Identifying where threatened species survive best is of interest to ecologists and to conservation agencies wishing to prioritise limited resources available for habitat protection and management (e.g. Araújo & Williams, 2000; Araújo et al., 2002; Cabeza & Moilanen, 2003; Cabeza et al., 2004; Moilanen et al., 2005). The traditional view is that populations are likely to be most persistent in central parts of geographical ranges, where species tend to be relatively widespread (and often abundant) and least susceptible to environmental and demographic stochasticity (e.g. Brown, 1984; Thomas et al., 1994; Bourn & Thomas, 2002). It is assumed that relatively high population densities and high frequencies of populations within central areas make it unlikely than any single event (including loss of a given proportion of the habitat) will drive all populations extinct simultaneously. Thus, populations and metapopulations in central areas are predicted to be more persistent.

Some aspects of this hypothesis relate directly to the effects of position in the geographical range (e.g. environmental stochasticity may have greatest impact when a population is already close to its environmental limits; Thomas et al., 1994) and others to the degree to which populations are concentrated in central parts of the geographical distribution (e.g. clusters of large populations have a low extinction risk). For clarity, in this paper, we refer to ‘central’ and ‘peripheral, edge or boundary’ to denote location within a species’ geographical distribution. We refer to ‘core’ and ‘marginal’ areas to describe variation in levels of population concentration.
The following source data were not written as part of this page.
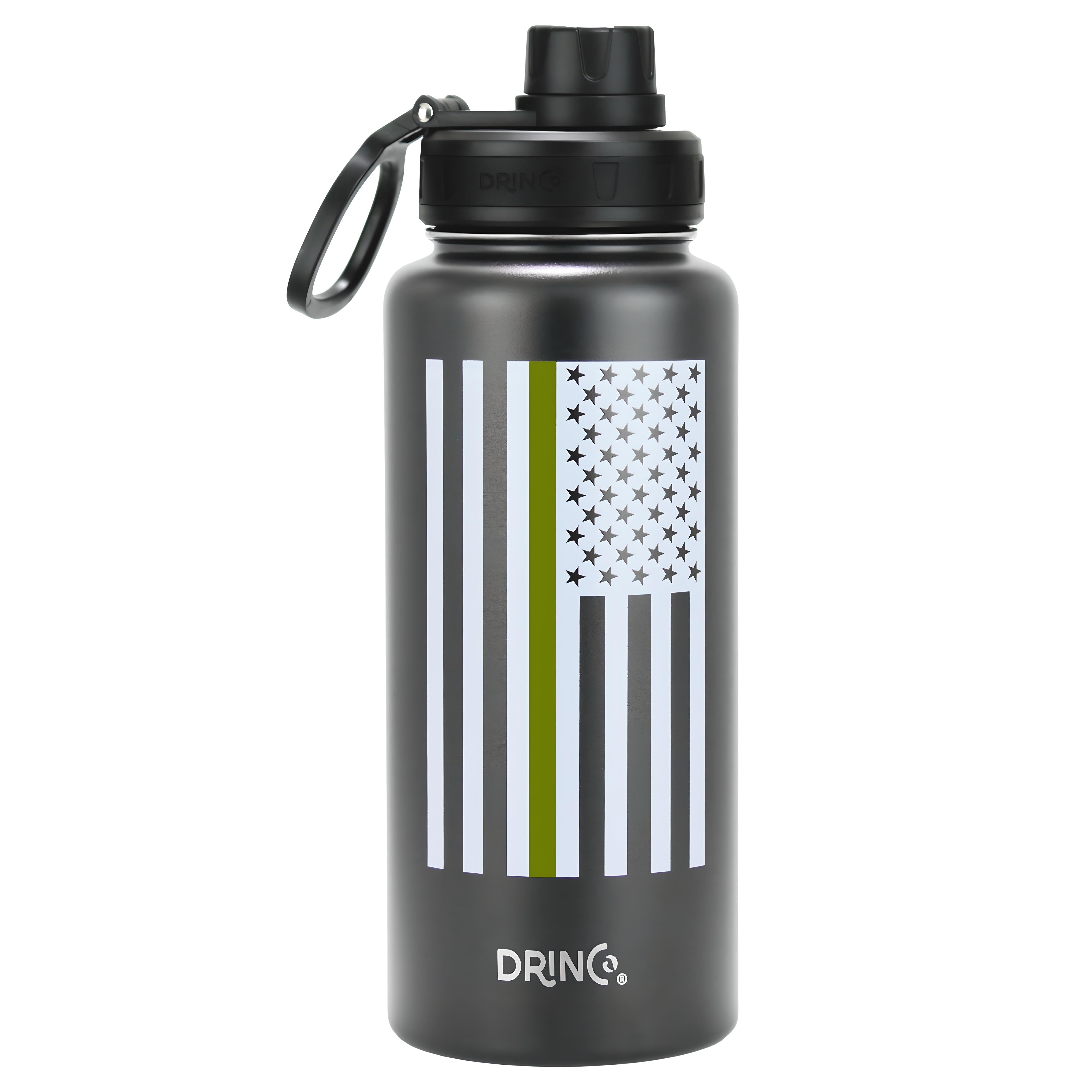 DRINCO® 32oz Stainless Steel Water Bottle-Thin Green-Black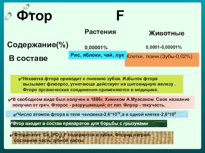 Роль в жизни человека и животных: участвует в окислительно-восстановительных процессах в синтезе витаминов В12 и Е, препятствует кариесу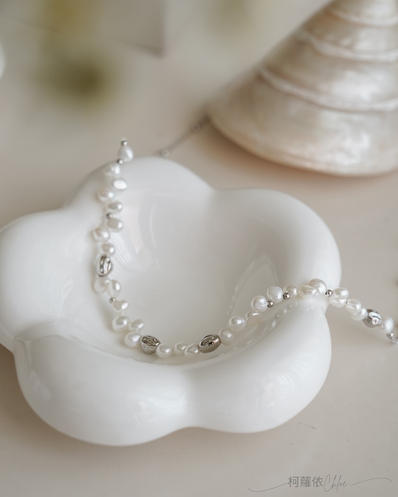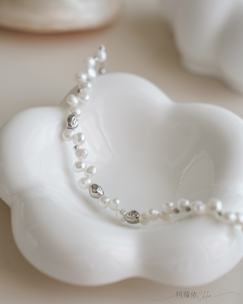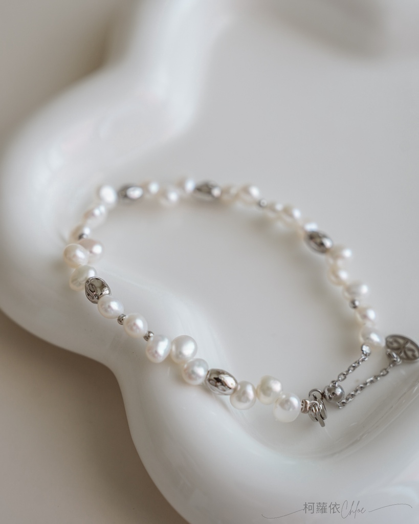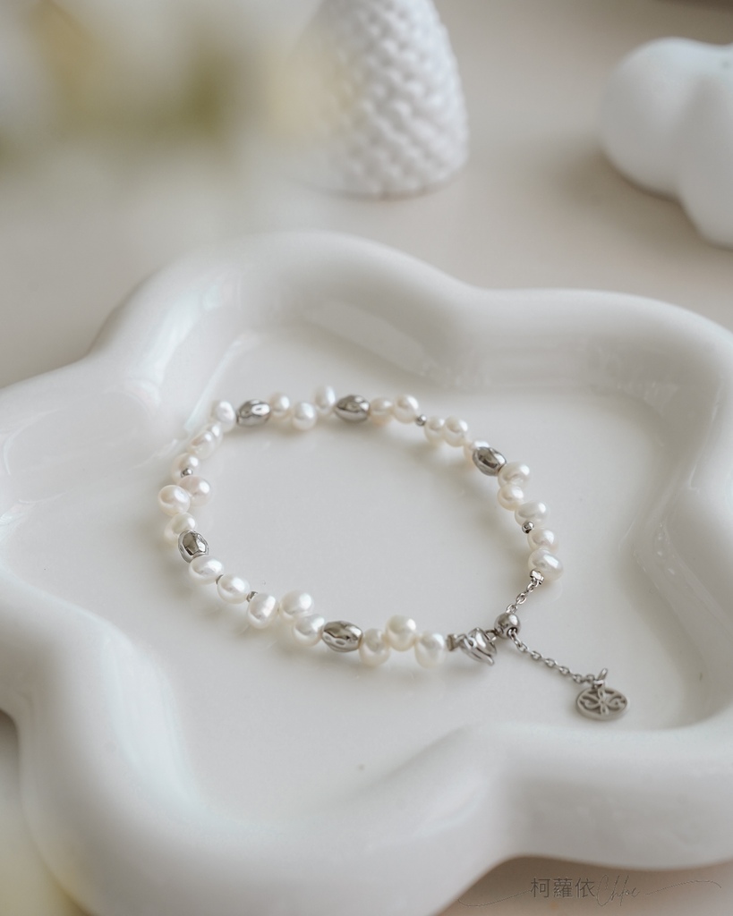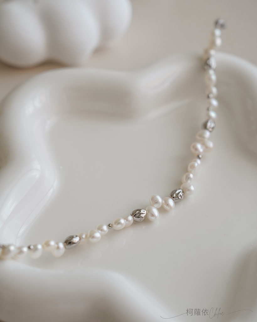 不規則的巴洛克珍珠,在光線下散發著低調溫潤的光澤,細膩而美好,適合每天都能陪伴左右的珍珠手鍊,休閒日常穿搭或者正式禮服的場合,都能為整體穿搭加分。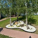 - Озеленение (посадки, создание клумб, ракариев, альпийских горок)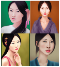 综合起来是这样:(portrait of a beautiful woman from china)symmetrical face, warm smile,Realisticart, highly detailed, Photojournalism, .Camcorder Effect后面加粗的部分,是新加上去的。我们来看看效果: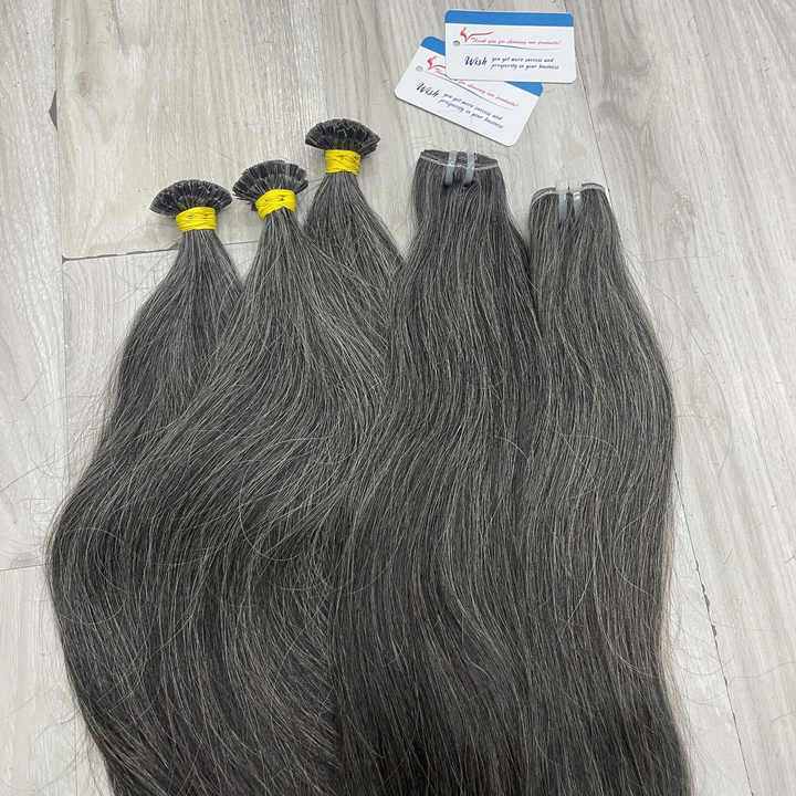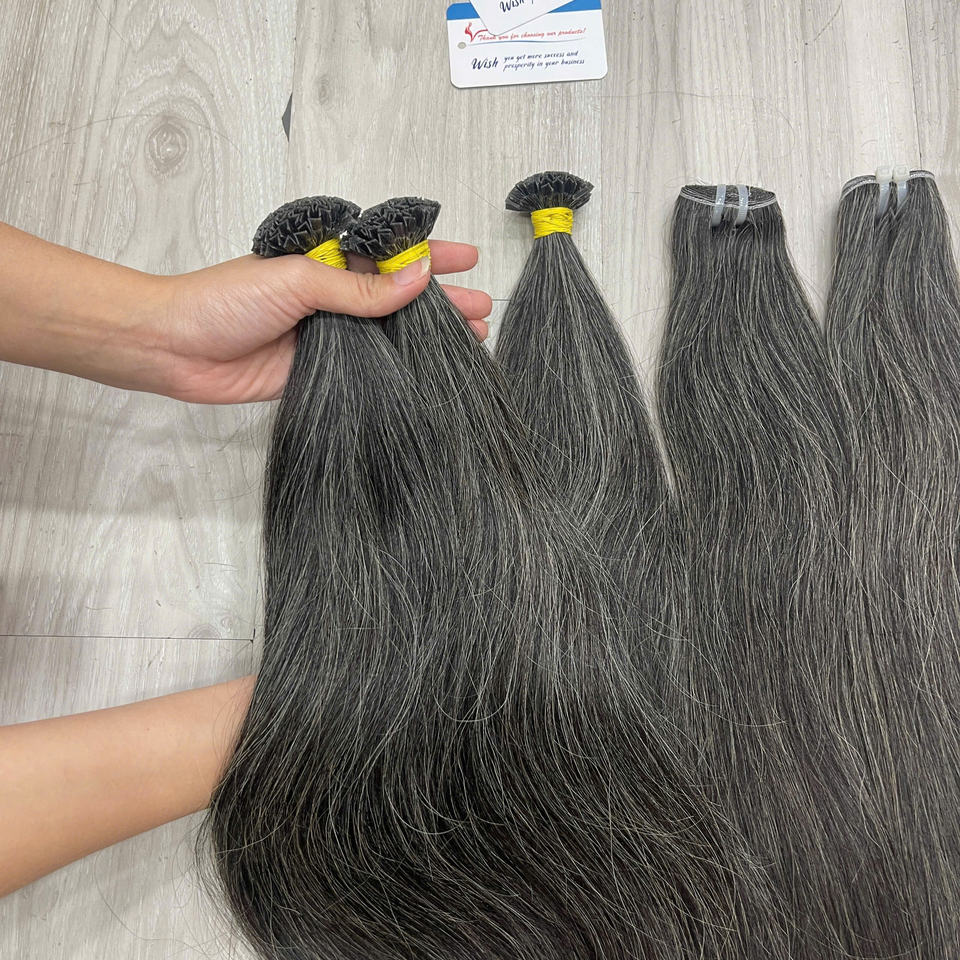 [ค้นหาอันดับ 1] ผมแท้สีเทา Ktips - 100% ไม่ผ่านการแปรรูปจากผู้บริจาคคนเดียว - ผู้จำหน่ายต่อผมสีเทาธรรมชาติแบบเกลือและพริกไทย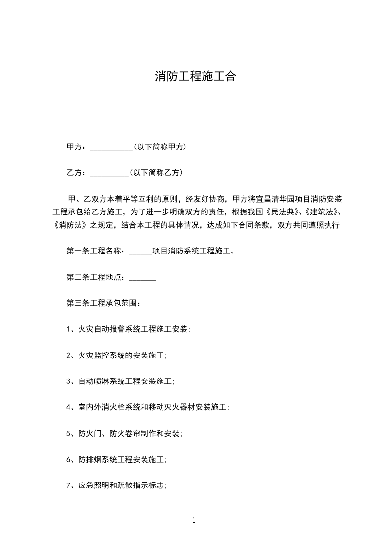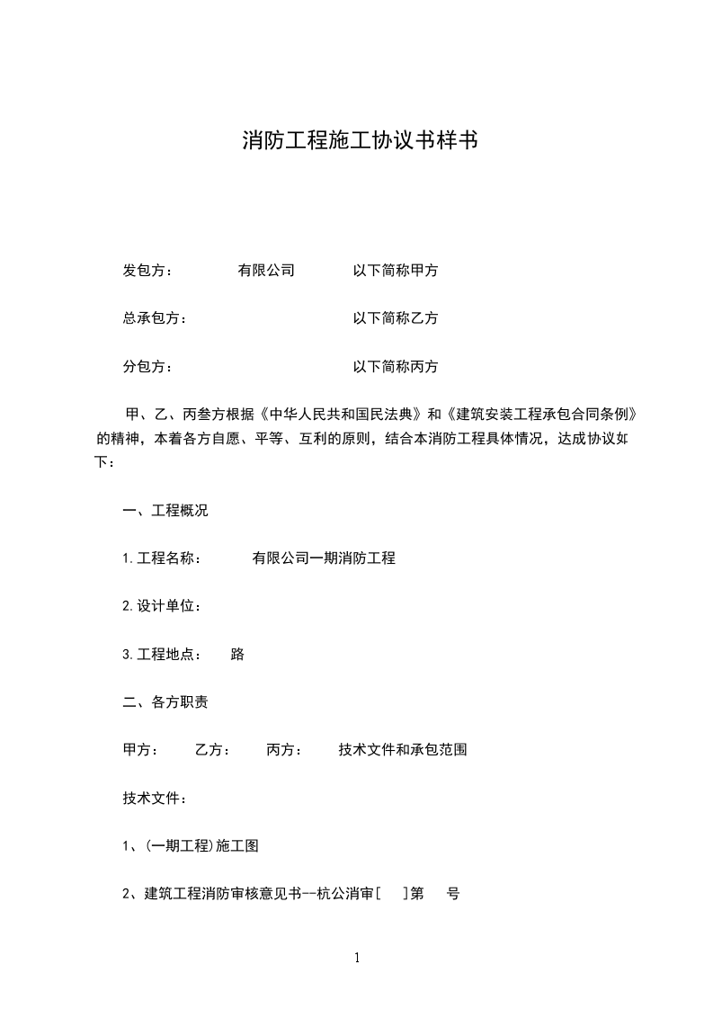 甲、乙、丙叁方根据《中华人民共和国民法典》和《建筑安装工程承包合同条例》的精神,本着各方自愿、平等、互利的原则,结合本消防工程具体情况,达成协议如下: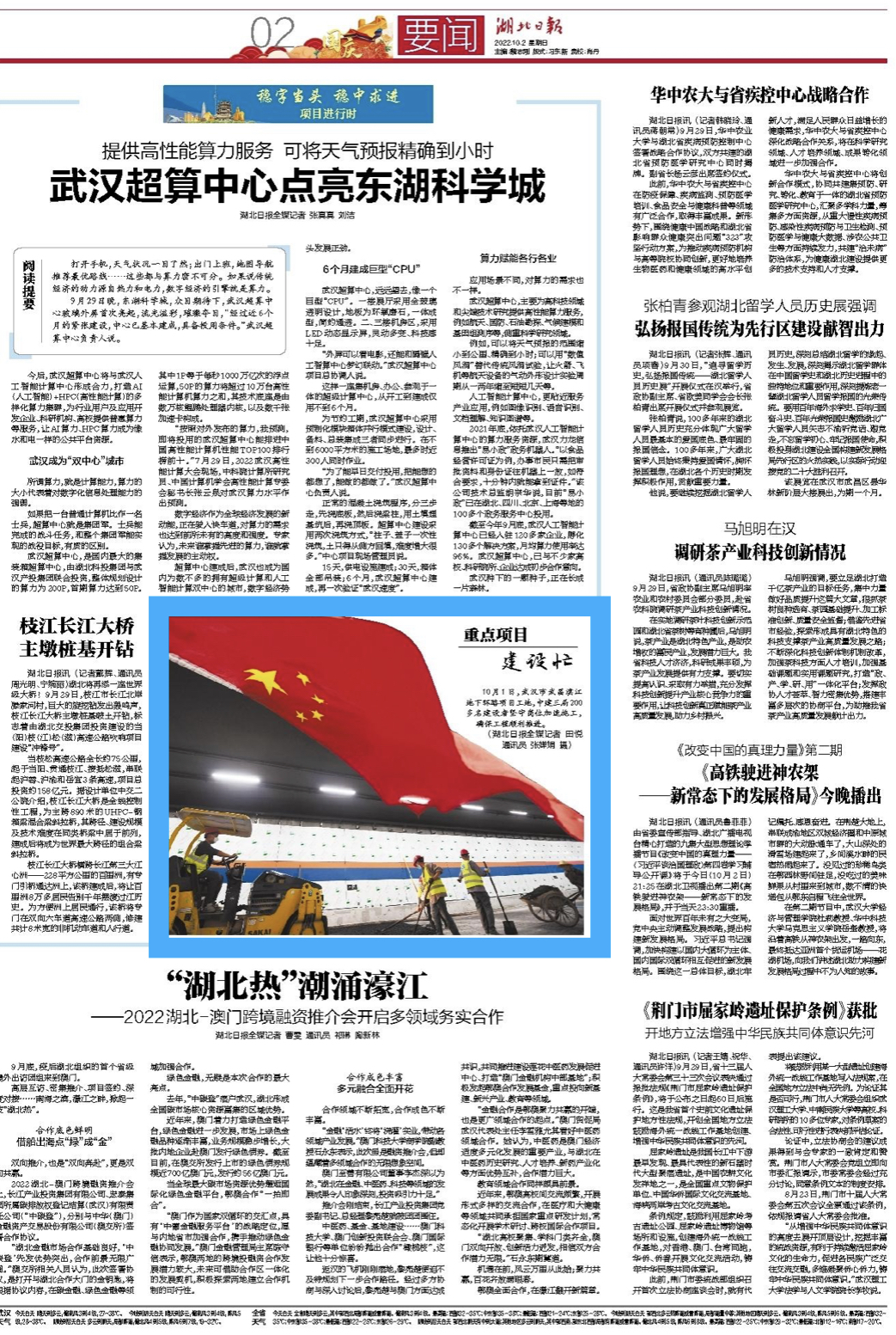 10月2日,湖北日报要闻版刊发《重点项目建设忙》,报道10月1日国庆当天,武汉市武昌滨江地下环路项目工地,中建三局200多名建设者坚守岗位加速施工,确保工程顺利推进。

In contrast to the above expectation, empirical analyses suggest that considerable numbers of declining species have disappeared from their geographical centres, and often survive predominantly at or near one or more of their former range boundaries (Lomolino & Channell, 1995; Channell & Lomolino, 2000a,b). Although there are statistical issues in determining what represents the centre or periphery, and some studies indicate that peripheral areas are more prone to extinction (e.g. Nathan et al., 1996; Donald & Greenwood, 2001), it is nonetheless clear that many threatened species have indeed retreated towards edge, rather than central, parts of their former geographical distributions. There are various possible explanations for why this might arise:

  • 1The agent of decline itself shows a geographical gradient of intensity. For example, a species threatened by invaders may have been eliminated from accessible areas that are favourable to an invasive species, and may survive only on predator-free offshore islands or in relatively inhospitable habitats (e.g. Clout & Craig, 1995). Alternatively, levels of agricultural activity might be correlated with an environmental gradient (e.g. Laurance et al., 2002). The spread of contagious sources of threat was proposed as the main cause of decline towards peripheral areas put forward by Lomolino and Channell (1995; Channell & Lomolino, 2000a,b).
  • 2Species usually do survive better in central regions (Nathan et al., 1996; Donald & Greenwood, 2001), to such an extent that we only recognise as threatened or endangered those species that have been eliminated from the central parts of their distributions. In this case, the species whose declines have been analysed represent a non-random sample of species.
  • 3The wide range of climate and habitat conditions experienced near range peripheries, and consequent potential diversity of adaptations (García-Ramos & Kirkpatrick, 1997; Alleaume-Benharira et al., 2006), may result in heterogeneous responses of populations at different boundaries to a given threat, whereas central populations may all respond in a similar way to one another. In this case, a single type of threat might eliminate all central populations but only some peripheral ones.
  • 4Some geographical boundaries, particularly coastlines, may represent climatically optimal parts of a species’ distribution. These areas may contain a species’ highest population concentrations, despite being at the geographical periphery of the range.
  • 5Edges could be sharp as defined by, for example, the climate envelope or geological substrate where a species can survive. In such species, most of the distribution could be considered to be environmentally suitable, with only a very narrow edge (Caughley et al., 1988). If this is the case, there is no reason to expect a species to be most abundant close to the geographical centre of its distribution (Sagarin & Gaines, 2002).
  • 6Variation in population concentration may occur at a finer resolution than has been analysed by Lomolino and Channell (1995; Channell & Lomolino, 2000a,b). If every region within a distribution contains core and marginal areas at a scale of metres to tens of kilometres (depending on the habitat and dispersal capacity of the species) (e.g. Thomas & Kunin, 1999; Wilson et al., 2002), then the original prediction that geographically central parts of species distributions are likely to be most persistent may be naïve. The ‘traditional’ view of being common and widespread in central areas but uncommon at the periphery may apply relatively well to widespread species of little global conservation concern, whereas the species that are found on Red Lists may have relatively localised populations (e.g. through habitat specialisation) throughout their ranges.
  • 7Contrary to received wisdom, population-level extinction rates could be naturally low at the range boundaries of many species. Except for the most mobile of species, the natural colonisation rate from populations in central parts of a range towards the edge is likely to be low. If a range edge is the dynamic consequence of extinctions and colonisations (Lennon et al., 1997), and colonisation rates are low, one might only expect to see a species occurring in those geographically peripheral areas where the extinction rate is low (e.g. in locally high-quality habitats). If so, peripheral areas might be expected to be at least as persistent as central ones.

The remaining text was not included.